_DATASET EXTRACT_
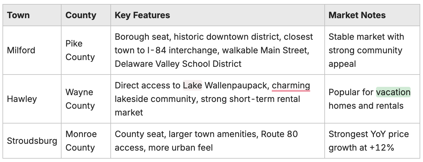 Several towns and communities in the Pocono Mountains stand out for their unique features and amenities. Below is a comparison of key towns:
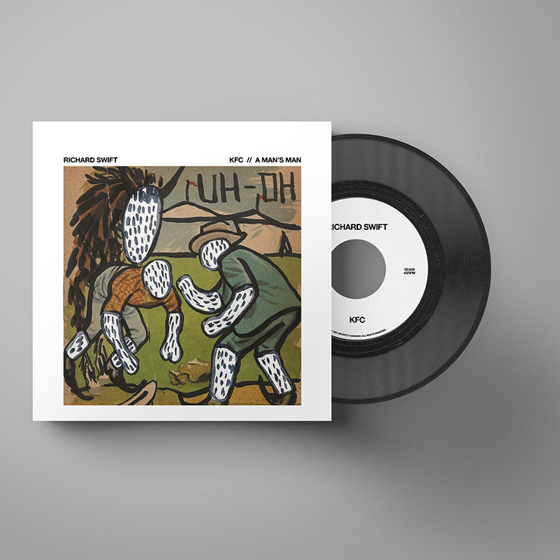 Former KFC manager and visionary producer Richard Swift took his humor very seriously. His novelty songs are as important to his oeuvre as The Big Hits. In the wee hours of the morning at his National Freedom studio in Cottage Grove, Oregon, he would crank out one of these joke songs, which were often sent out to friends and associates on the East Coast so that it would be sitting in their inboxes come that workplace whistle blow. One such work, “KFC,” recorded during the same sessions that brought us his famed ‘Walt Wolfman’ EP, is a scatological spoken word masterpiece. The track is paired with the unreleased “A Man’s Man,” recorded during Swift’s “Onasis” sessions.
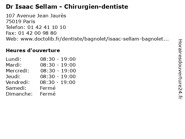 | Lundi | 08:30-19:00 |
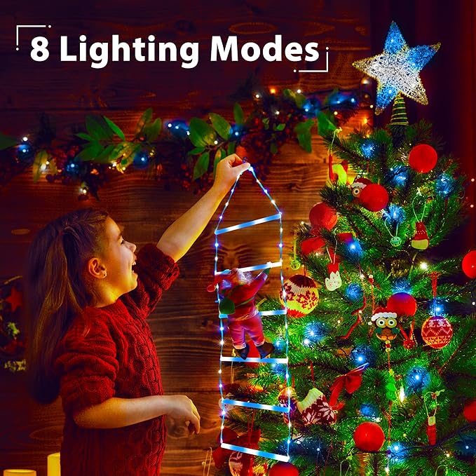 - 2025 Newest Christmas Lights - Unique-designed Christmas lights composed of a 2.5ft lighted rope ladder and a detachable Santa, will add a lot of festive atmosphere for your Christmas. This Christmas decorative light is perfect for home, garden, yard, window, porch, Christmas tree DIY decor
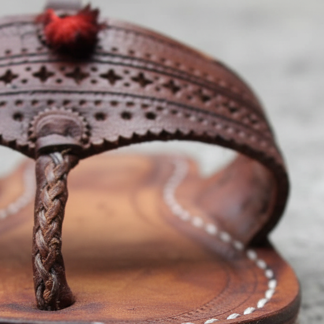 The chappal is designed with a well-cushioned sole and a thoughtful structure that supports your feet, ensuring lasting comfort whether you're walking around town or enjoying a festive day.
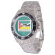 Has heft and feel of expensive stainless steel quartz watches. Good band with safety catch. I removed links, which is easy because engraved arrows show direction to push the linking pins. As always by this seller, the image (a railroad logo) is a perfect reproduction of my emailed image, and is precisely spaced and aligned.
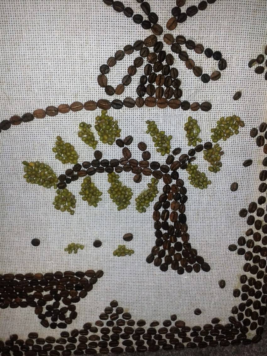 Для оформления можно использовать колотый горох, фасоль, чечевицу, кофейные зёрна и другие семена и крупы – в зависимости от художественного замысла. Фиксировать их на основе можно с помощью термо- , силиконового клея или ПВА с учетом особенностей взаимодействия материалов.
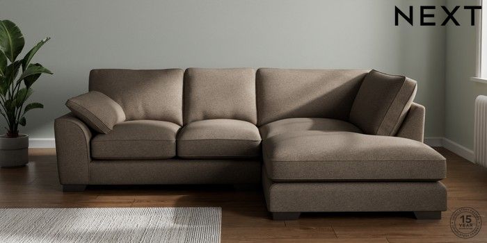 7.3.1 Buy Stamford Grand Relaxed Sit Medium Corner Chaise - Right Hand Chunky Weave Dark Natural Large Square Angle - Gunmetal from the Next UK online shop Click here to use our accessible website

_WORK ITEM_
Return the listing above in an exact copy that leaves out the images.

_EXERCISE RESULT_
 Several towns and communities in the Pocono Mountains stand out for their unique features and amenities. Below is a comparison of key towns:
 Former KFC manager and visionary producer Richard Swift took his humor very seriously. His novelty songs are as important to his oeuvre as The Big Hits. In the wee hours of the morning at his National Freedom studio in Cottage Grove, Oregon, he would crank out one of these joke songs, which were often sent out to friends and associates on the East Coast so that it would be sitting in their inboxes come that workplace whistle blow. One such work, “KFC,” recorded during the same sessions that brought us his famed ‘Walt Wolfman’ EP, is a scatological spoken word masterpiece. The track is paired with the unreleased “A Man’s Man,” recorded during Swift’s “Onasis” sessions.
 | Lundi | 08:30-19:00 |
 - 2025 Newest Christmas Lights - Unique-designed Christmas lights composed of a 2.5ft lighted rope ladder and a detachable Santa, will add a lot of festive atmosphere for your Christmas. This Christmas decorative light is perfect for home, garden, yard, window, porch, Christmas tree DIY decor
 The chappal is designed with a well-cushioned sole and a thoughtful structure that supports your feet, ensuring lasting comfort whether you're walking around town or enjoying a festive day.
 Has heft and feel of expensive stainless steel quartz watches. Good band with safety catch. I removed links, which is easy because engraved arrows show direction to push the linking pins. As always by this seller, the image (a railroad logo) is a perfect reproduction of my emailed image, and is precisely spaced and aligned.
 Для оформления можно использовать колотый горох, фасоль, чечевицу, кофейные зёрна и другие семена и крупы – в зависимости от художественного замысла. Фиксировать их на основе можно с помощью термо- , силиконового клея или ПВА с учетом особенностей взаимодействия материалов.
 7.3.1 Buy Stamford Grand Relaxed Sit Medium Corner Chaise - Right Hand Chunky Weave Dark Natural Large Square Angle - Gunmetal from the Next UK online shop Click here to use our accessible website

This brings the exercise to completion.